379 CAL 54g CARBS 7g FAT 25g PROTEIN 8

Sausage and peppers is one of my favorite ball game treats. However, I'm not always at a ball game and I'll find myself sometimes during the week wanting this dish, but in a heartier version than just a simple sandwich.

Enter, this Sausage and Pepper Pasta Shells dish. The recipe was inspired by those ballpark peppers and sausage flavors, but of course, turned into an easy (but very flavorful) pasta dish. My version is made with turkey sausage, peppers, sweet onion, mushrooms, and fire roasted tomatoes.

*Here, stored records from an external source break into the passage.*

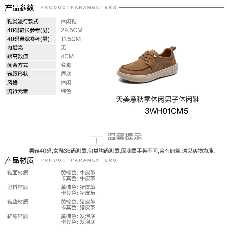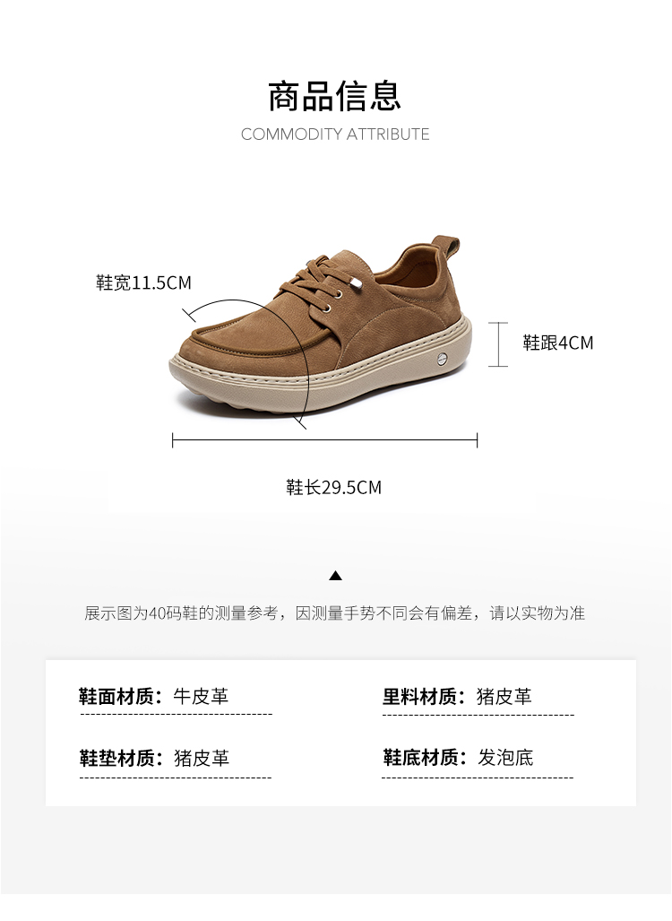 | 风格:休闲 | 色系:棕色 | 跟高数值:4CM | 40码鞋宽参考(男):11.5CM | 性别:男子 |
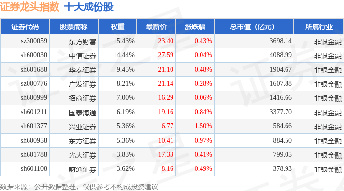 证券之星消息,11月28日,证券龙头(399437)指数报收于6601.66点,涨0.4%,成交148.5亿元,换手率0.53%。当日该指数成份股中,上涨的有24家,兴业证券以1.5%的涨幅领涨,下跌的有3家,首创证券以0.81%的跌幅领跌。
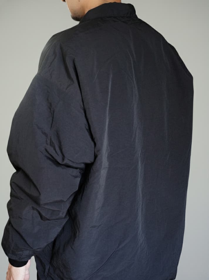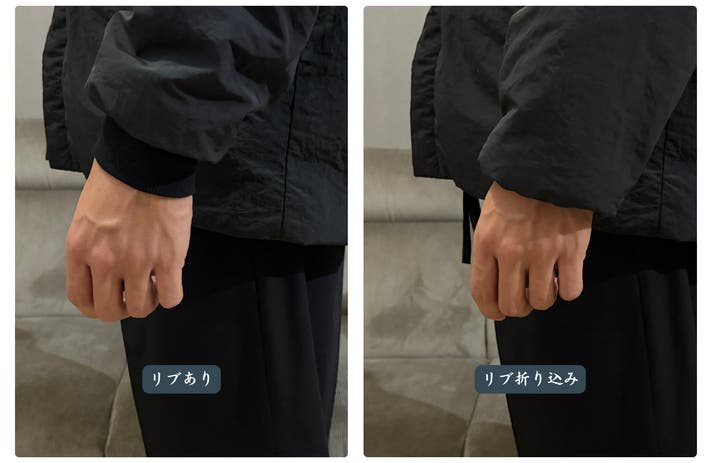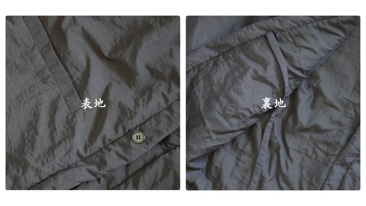 市場のナイロンジャケットは硬くてゴワつくものが多いですが、「パフ半纏」は肌着のような触り心地の裏地と組み合わせることで、快適な着心地を実現しました
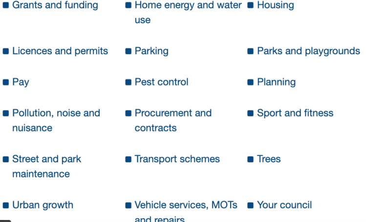 Instead, have a look at Cambridge City Council’s website (see https://www.cambridge.gov.uk/ then scroll about a third of the way down and click on the Menu box. It will come up with a list like this:
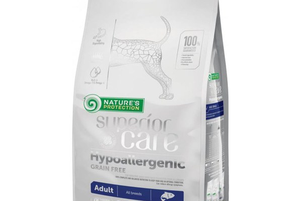 NATURES PROTECTION Superior Care Hypoallergenic, Somon, hrană uscată fără cereale câini, afecțiuni digestive și dermatologice, 10kg
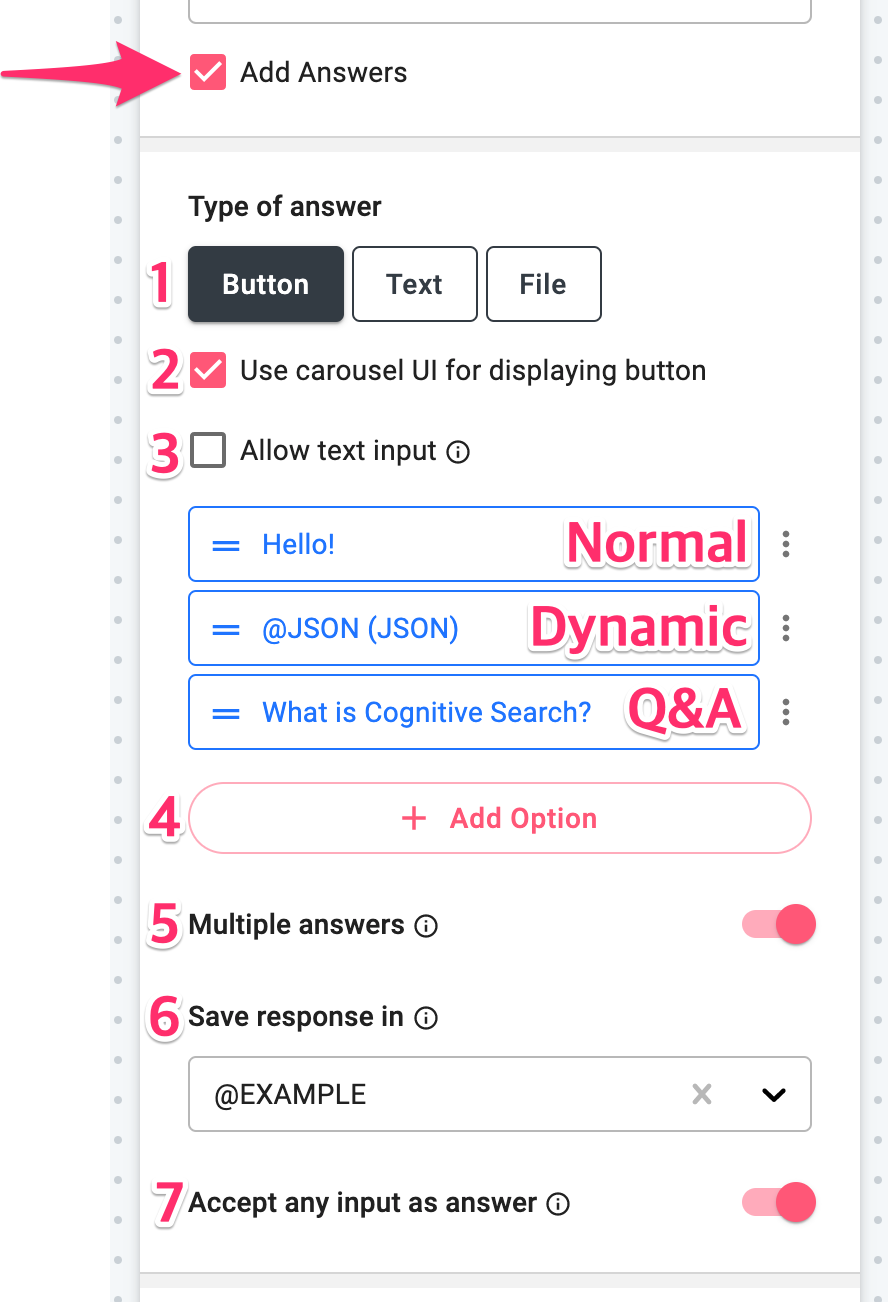 - Add Option: Add Button options for your users to select their answer. You can choose from Normal, Dynamic, Q&A after you click this.

The best part about this dish is that you can use any type of pasta you like. However, I have to say that I love the shell-shaped pasta the most for this recipe since their pockets will fill with the sausage and tomato goodness, which makes them sandwich-like, in a way!

Pasta with sausage and peppers in two bowls with sliced peppers, mushrooms, turkey sausage, and garlic.

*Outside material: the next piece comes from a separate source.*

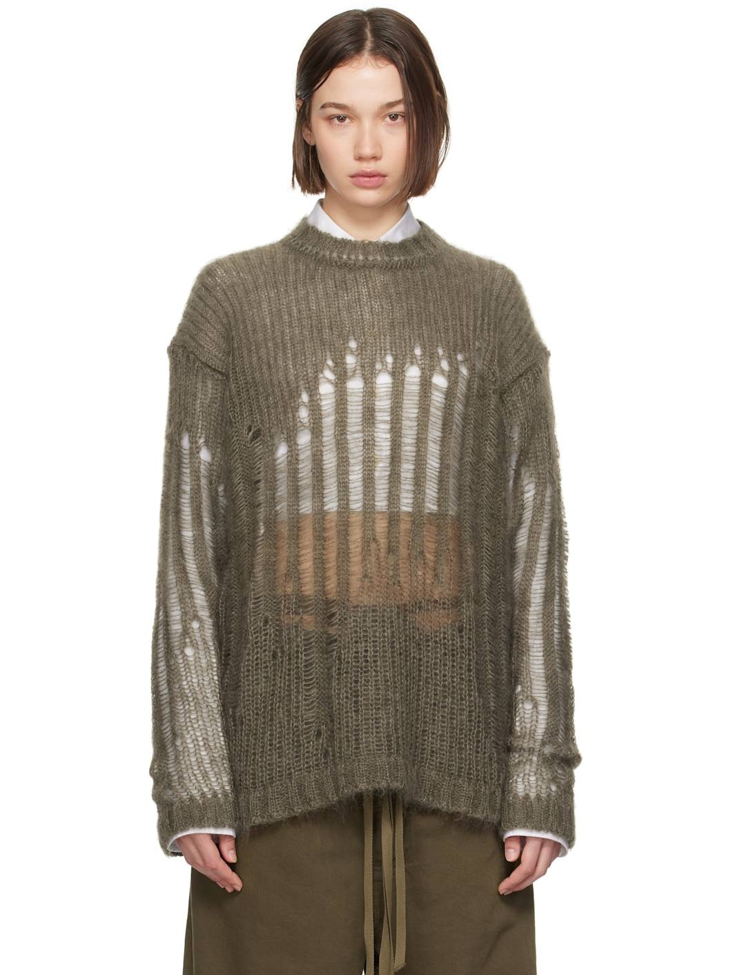Rib-knit and open-knit mohair- and silk-blend sweater. Laddering throughout. · Crewneck · Dropped shoulders Supplier color: Loden Green

How do you make Sausage and Pepper Pasta Shells?

Making this dish is just about as easy as putting together a sandwich, I promise!

First, cook the pasta according to package directions, then drain and set aside.

Next, add the sausage to a skillet and brown until there's no more pink meat over medium heat. Take the sausage out of the skillet and set it aside.

To the same skillet, add the peppers, onions, and mushrooms, cooking them down for about 5-7 minutes or until tender. Add a tablespoon of water or two if they are starting to burn.

To the veggie mixture, add garlic, red pepper flakes, salt, pepper, and oregano, cooking for an additional minute. Then, add in the tomatoes and their juice and the pasta, letting them cook for 1-2 minutes or until everything is thoroughly heated through. Top with basil if desired and serve!

What makes this dish healthy?

  • High fiber pasta helps you get an extra dose of fiber and makes the pasta a little healthier than traditional white pasta.
  • Lean turkey sausage is delicious and nutritious — packed full of protein, low in fat and calories when compared to your typical Italian sausage.
  • Green peppers, like all bell peppers, are chock full of vitamins like C, A, B6 and K. They are also high in carotenoids and fiber.
  • Mushrooms are full of pantothenic acid, B vitamins, riboflavin, and niacin. They are also great for your digestive system and give a great meaty taste to lots of dishes if you want to skip the meat.
  • Sweet onions, like most onions, are not only flavorful, they are full of fiber and folic acid. Raw onions also are low in calories, and can help keep your heart and cardiovascular systems healthy.
  • Garlic goes great with onions and also has a lot of antibiotic and antioxidative properties. It has also been shown to lower cholesterol and regulate blood sugar levels.
  • Spices such as oregano, red pepper flakes, and pepper add lots of flavor without any additional calories or fat. Spicy ingredients like red pepper flakes can also have heart benefits and can promote weight loss as well.
  • Tomatoes are high in the cancer-fighting compound lycopene. Lycopene has also been linked to reducing incidences of heart disease as well as cancer. Tomatoes are also a great source of potassium, folate, and vitamins C and K.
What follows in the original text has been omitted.